12. It may be noted that having regard to the explanation provided under Section 75(12) of the said Act, the expression “self-assessed tax” shall include tax payable in respect of the details of outward supplies furnished under Section 37 of the said Act which are not included in the return furnished under Section 39 of the said Act. Admittedly, in this case it would transpire that the self-assessed tax of the petitioner under Section 37 of the said Act has been included in the returns under Section 39 of the said Act. It is not the case of the respondents that the self-assessed tax furnished under Section 37 of the said Act has not been included in the returns under Section 39 of the said Act. In my view, once, the self-assessed tax as per Section 37 is included in the return furnished under Section 39 of the said Act, Section 75(12) of the said Act can no longer be invoked as is clear from the above explanation. Further a bare perusal of the notice issued in ASMT 10 dated 20th September, 2024 would in no uncertain terms disclose that the returns filed by the petitioner in Form GSTR1 had been included in Form GSTR-3B. It would also transpire from the order impugned that the respondents have proceeded to determine late fees and interest by proceeding to demand the same from the date of filing of return under Section 39 of the said Act in Form GSTR-3B. Having regard thereto, I am of the view that the respondents could not have invoked the provisions of Section 75(12) of the said Act, nor could the respondents claim that the demands made by the respondents are based on admission made by the petitioner. Further, having regard to the provisions of the said Act as provided in Section 61(3) of the said Act, in case the explanation furnished by the petitioner is found unacceptable there is no option but to initiate appropriate action under the provisions of Section 65 or 66 or 67 or 73 or 74 of the said Act and not Section 75(12) of the said Act.

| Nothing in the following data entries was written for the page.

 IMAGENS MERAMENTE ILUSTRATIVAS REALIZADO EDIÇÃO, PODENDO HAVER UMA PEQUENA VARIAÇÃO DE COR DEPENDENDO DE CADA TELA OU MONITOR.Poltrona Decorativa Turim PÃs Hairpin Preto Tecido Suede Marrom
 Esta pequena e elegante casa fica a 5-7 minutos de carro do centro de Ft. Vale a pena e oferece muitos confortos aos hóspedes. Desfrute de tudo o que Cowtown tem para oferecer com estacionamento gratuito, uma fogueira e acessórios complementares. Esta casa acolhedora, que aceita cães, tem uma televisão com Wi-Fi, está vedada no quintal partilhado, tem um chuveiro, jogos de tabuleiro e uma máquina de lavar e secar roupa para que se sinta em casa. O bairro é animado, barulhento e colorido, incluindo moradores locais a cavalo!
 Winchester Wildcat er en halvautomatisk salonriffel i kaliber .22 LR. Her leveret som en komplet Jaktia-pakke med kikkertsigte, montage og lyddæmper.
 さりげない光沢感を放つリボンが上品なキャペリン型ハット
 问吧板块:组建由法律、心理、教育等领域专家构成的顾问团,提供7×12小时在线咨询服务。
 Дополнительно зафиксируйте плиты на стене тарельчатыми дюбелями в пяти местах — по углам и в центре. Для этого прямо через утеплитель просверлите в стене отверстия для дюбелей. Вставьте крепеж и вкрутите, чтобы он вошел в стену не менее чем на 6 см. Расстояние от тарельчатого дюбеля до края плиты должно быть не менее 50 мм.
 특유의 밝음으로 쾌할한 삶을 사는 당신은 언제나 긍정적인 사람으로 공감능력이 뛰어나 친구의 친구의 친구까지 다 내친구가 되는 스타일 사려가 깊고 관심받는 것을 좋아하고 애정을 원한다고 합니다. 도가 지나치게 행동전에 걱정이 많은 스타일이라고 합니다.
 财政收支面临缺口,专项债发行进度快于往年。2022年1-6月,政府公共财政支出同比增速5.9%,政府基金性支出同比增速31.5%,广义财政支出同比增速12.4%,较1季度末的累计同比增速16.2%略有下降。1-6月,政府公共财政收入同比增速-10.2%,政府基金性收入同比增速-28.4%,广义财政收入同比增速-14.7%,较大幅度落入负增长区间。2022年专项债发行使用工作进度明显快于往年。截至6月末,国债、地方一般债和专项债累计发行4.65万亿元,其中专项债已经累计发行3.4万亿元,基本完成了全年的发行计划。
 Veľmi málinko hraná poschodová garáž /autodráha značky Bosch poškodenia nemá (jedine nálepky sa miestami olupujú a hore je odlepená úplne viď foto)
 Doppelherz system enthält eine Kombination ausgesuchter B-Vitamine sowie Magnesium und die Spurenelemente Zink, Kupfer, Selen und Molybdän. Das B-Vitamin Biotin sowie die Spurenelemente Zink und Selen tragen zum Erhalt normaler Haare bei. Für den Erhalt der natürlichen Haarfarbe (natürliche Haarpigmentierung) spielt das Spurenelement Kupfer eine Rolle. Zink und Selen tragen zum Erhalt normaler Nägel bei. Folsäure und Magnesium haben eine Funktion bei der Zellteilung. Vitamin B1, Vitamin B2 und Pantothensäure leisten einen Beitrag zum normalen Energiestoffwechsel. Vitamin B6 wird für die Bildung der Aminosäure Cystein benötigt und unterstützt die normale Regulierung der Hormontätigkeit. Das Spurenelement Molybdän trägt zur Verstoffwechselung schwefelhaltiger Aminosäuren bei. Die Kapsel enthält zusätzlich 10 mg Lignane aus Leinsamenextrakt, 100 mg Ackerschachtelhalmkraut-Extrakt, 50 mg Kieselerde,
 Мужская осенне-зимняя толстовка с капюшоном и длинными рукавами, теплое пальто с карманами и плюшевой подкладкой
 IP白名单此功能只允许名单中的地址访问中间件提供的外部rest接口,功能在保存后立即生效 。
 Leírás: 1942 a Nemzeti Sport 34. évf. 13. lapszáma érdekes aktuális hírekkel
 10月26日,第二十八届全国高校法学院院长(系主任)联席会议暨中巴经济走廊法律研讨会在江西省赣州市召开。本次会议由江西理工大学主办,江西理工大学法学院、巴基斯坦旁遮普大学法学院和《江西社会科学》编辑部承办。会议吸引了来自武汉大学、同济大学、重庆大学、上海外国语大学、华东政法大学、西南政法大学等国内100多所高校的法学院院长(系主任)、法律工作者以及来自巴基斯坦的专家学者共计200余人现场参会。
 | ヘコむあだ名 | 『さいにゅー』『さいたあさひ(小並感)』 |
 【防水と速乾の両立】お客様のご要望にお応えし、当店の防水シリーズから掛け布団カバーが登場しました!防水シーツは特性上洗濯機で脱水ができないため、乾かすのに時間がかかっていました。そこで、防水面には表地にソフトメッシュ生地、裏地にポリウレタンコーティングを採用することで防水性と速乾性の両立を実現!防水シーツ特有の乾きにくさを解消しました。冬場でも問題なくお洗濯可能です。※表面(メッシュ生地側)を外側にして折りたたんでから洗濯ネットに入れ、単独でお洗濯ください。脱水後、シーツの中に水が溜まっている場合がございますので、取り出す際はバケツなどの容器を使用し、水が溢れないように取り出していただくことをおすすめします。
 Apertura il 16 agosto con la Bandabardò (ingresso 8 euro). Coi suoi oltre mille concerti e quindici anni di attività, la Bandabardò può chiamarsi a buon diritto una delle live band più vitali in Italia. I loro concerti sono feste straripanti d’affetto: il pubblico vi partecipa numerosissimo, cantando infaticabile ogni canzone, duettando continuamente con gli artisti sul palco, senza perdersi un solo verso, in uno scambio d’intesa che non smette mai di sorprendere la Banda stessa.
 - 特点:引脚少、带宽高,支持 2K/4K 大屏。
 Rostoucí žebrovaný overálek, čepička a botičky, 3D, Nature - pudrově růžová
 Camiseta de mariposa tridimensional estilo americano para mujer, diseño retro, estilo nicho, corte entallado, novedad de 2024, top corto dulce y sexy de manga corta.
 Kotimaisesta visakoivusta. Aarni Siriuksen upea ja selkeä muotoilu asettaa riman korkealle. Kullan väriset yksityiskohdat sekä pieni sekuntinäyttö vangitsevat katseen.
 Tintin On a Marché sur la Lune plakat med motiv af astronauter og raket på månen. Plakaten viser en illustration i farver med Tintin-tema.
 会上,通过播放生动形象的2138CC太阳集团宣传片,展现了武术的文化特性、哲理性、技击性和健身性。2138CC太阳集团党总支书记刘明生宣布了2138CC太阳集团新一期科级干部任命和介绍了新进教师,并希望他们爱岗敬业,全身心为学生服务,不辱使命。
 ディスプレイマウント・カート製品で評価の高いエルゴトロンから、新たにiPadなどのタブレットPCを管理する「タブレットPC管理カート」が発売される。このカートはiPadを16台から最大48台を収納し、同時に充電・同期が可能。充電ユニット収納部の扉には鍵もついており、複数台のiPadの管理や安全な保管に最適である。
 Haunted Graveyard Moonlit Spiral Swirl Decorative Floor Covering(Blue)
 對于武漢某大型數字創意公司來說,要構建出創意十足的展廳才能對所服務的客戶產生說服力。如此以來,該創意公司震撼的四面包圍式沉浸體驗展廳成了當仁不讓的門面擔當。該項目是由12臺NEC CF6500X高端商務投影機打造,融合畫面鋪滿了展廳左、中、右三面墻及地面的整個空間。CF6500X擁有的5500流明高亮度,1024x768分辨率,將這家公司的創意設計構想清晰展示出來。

13. In view thereof, the aforesaid determination made by the respondents cannot be sustained. The same is set aside. However, at the same time, having regard to the admission made by the petitioner in response to the ASMT 10, I am of the view the aforesaid order passed by the respondents on 20th December, 2024 can be treated as a show cause and having regard thereto, the petitioner shall be at liberty to respond to the said show cause within a period of three weeks from date.
14. The respondents shall be obliged to decide the same in accordance with law.
15. Since the order dated 20th December, 2024 has been set aside the consequential demand raised by the respondents in Form GST DRC 07 dated 6th January, 2025 for the tax period 2020-21 stands quashed.
16. With the above observations and directions, the writ petition stands disposed of.
Urgent Photostat certified copy of this order, if applied for, be made available to the parties upon compliance with the requisite formalities.